**HOW TO COMPLETE THIS TASK**
In your copy of the data, include no pictures and alter nothing else.

———

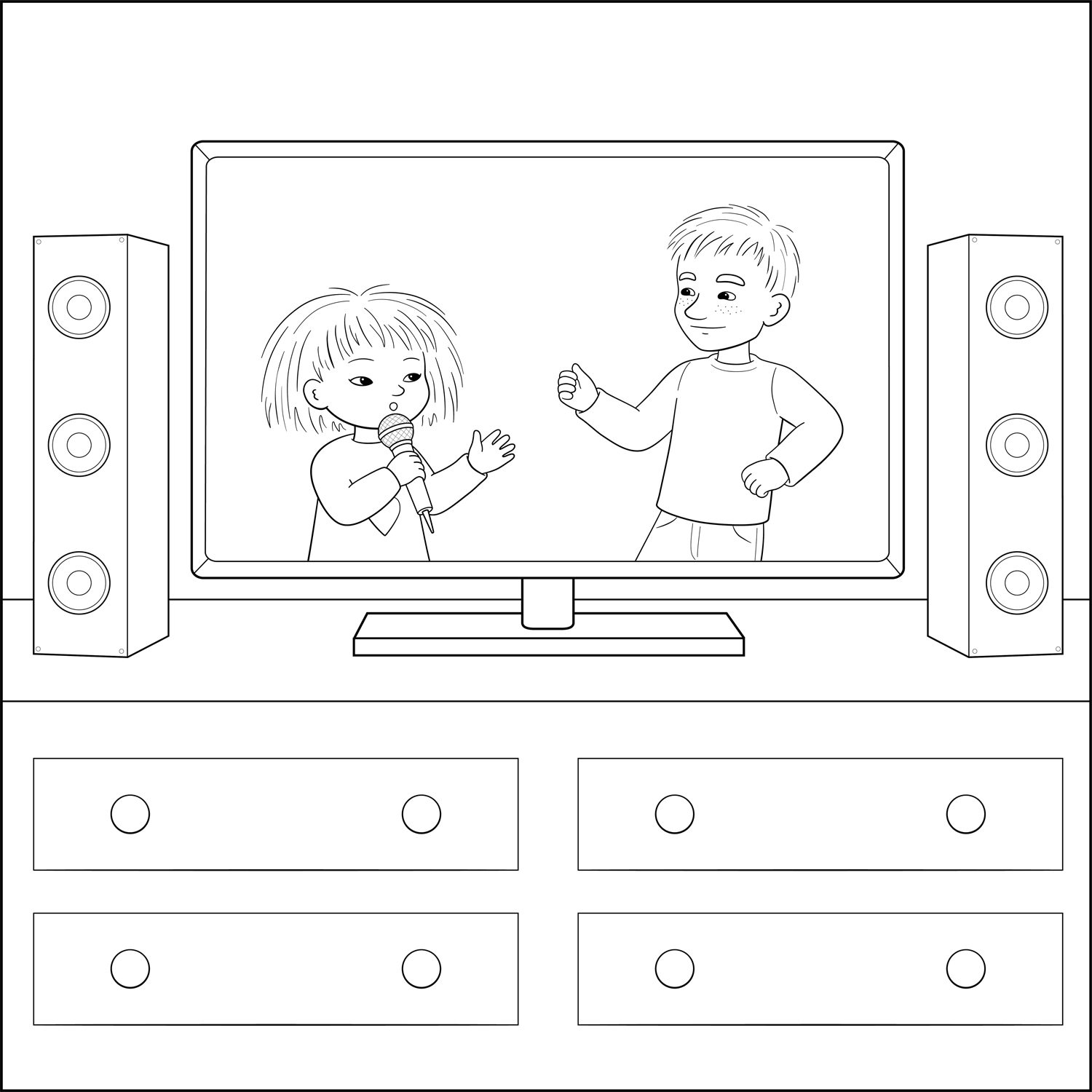 Skriv ut bilden med Minja och Mino och färglägg den.
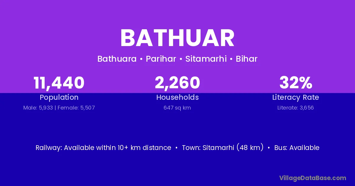 Sitamarhi (48 km) is the nearest town to Bathuar village for major economic activities and is located approximately 48 km away.
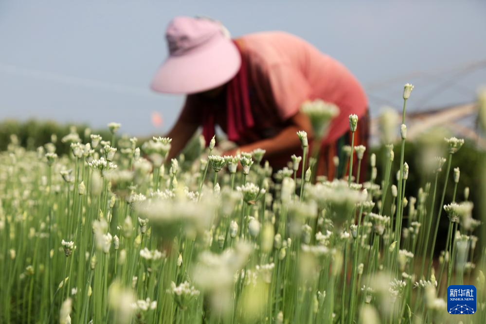 8月21日,山东省枣庄市市中区孟庄镇农民在田间查看韭菜花长势。(新华社发 王海楠 摄)
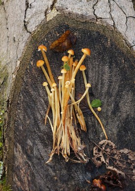 Foto: Junge Samtfußrüblinge an einer Stammschnittfläche. Sie dürfen noch weiterwachsen. Auf dem 2. Foto haben sie mit ihren langen Stielstrippen beinahe das Aussehen der Enoki-Zuchtform. (4 Fotos © Eva)
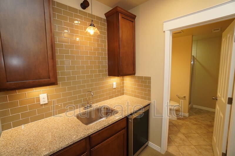 Pretty and perfect! Cozy friendly front porch with swing. Great curb appeal. Terrific floor plan with 3 bedrooms 2 baths on the upper level. Nicely upgraded with granite tile counter tops fireplace surround, oak floors on the main level, wood cabinets, black appliances, breakfast bar in kitchen. Fantastic professionally finished basement with the same quality finishes as the upper levels includes a charming bar area with slab granite counter, glass tile wall, 42" wood cabinets, stainless steel sink, beverage refrigerator. Also a lovely 3/4 bath and guest bedroom. Spacious vaulted master bedroom with 5-piece bath and walk-in closet. Upper level laundry area. Superb location on a quiet street within easy walking distance to the future town center, Bluff Lake, Recreation Center, pools, parks, schools. There is nothing to do but move into this beauty!

———

**EXPECTED ANSWER**
 Skriv ut bilden med Minja och Mino och färglägg den.
 Sitamarhi (48 km) is the nearest town to Bathuar village for major economic activities and is located approximately 48 km away.
 8月21日,山东省枣庄市市中区孟庄镇农民在田间查看韭菜花长势。(新华社发 王海楠 摄)
 Foto: Junge Samtfußrüblinge an einer Stammschnittfläche. Sie dürfen noch weiterwachsen. Auf dem 2. Foto haben sie mit ihren langen Stielstrippen beinahe das Aussehen der Enoki-Zuchtform. (4 Fotos © Eva)
 Pretty and perfect! Cozy friendly front porch with swing. Great curb appeal. Terrific floor plan with 3 bedrooms 2 baths on the upper level. Nicely upgraded with granite tile counter tops fireplace surround, oak floors on the main level, wood cabinets, black appliances, breakfast bar in kitchen. Fantastic professionally finished basement with the same quality finishes as the upper levels includes a charming bar area with slab granite counter, glass tile wall, 42" wood cabinets, stainless steel sink, beverage refrigerator. Also a lovely 3/4 bath and guest bedroom. Spacious vaulted master bedroom with 5-piece bath and walk-in closet. Upper level laundry area. Superb location on a quiet street within easy walking distance to the future town center, Bluff Lake, Recreation Center, pools, parks, schools. There is nothing to do but move into this beauty!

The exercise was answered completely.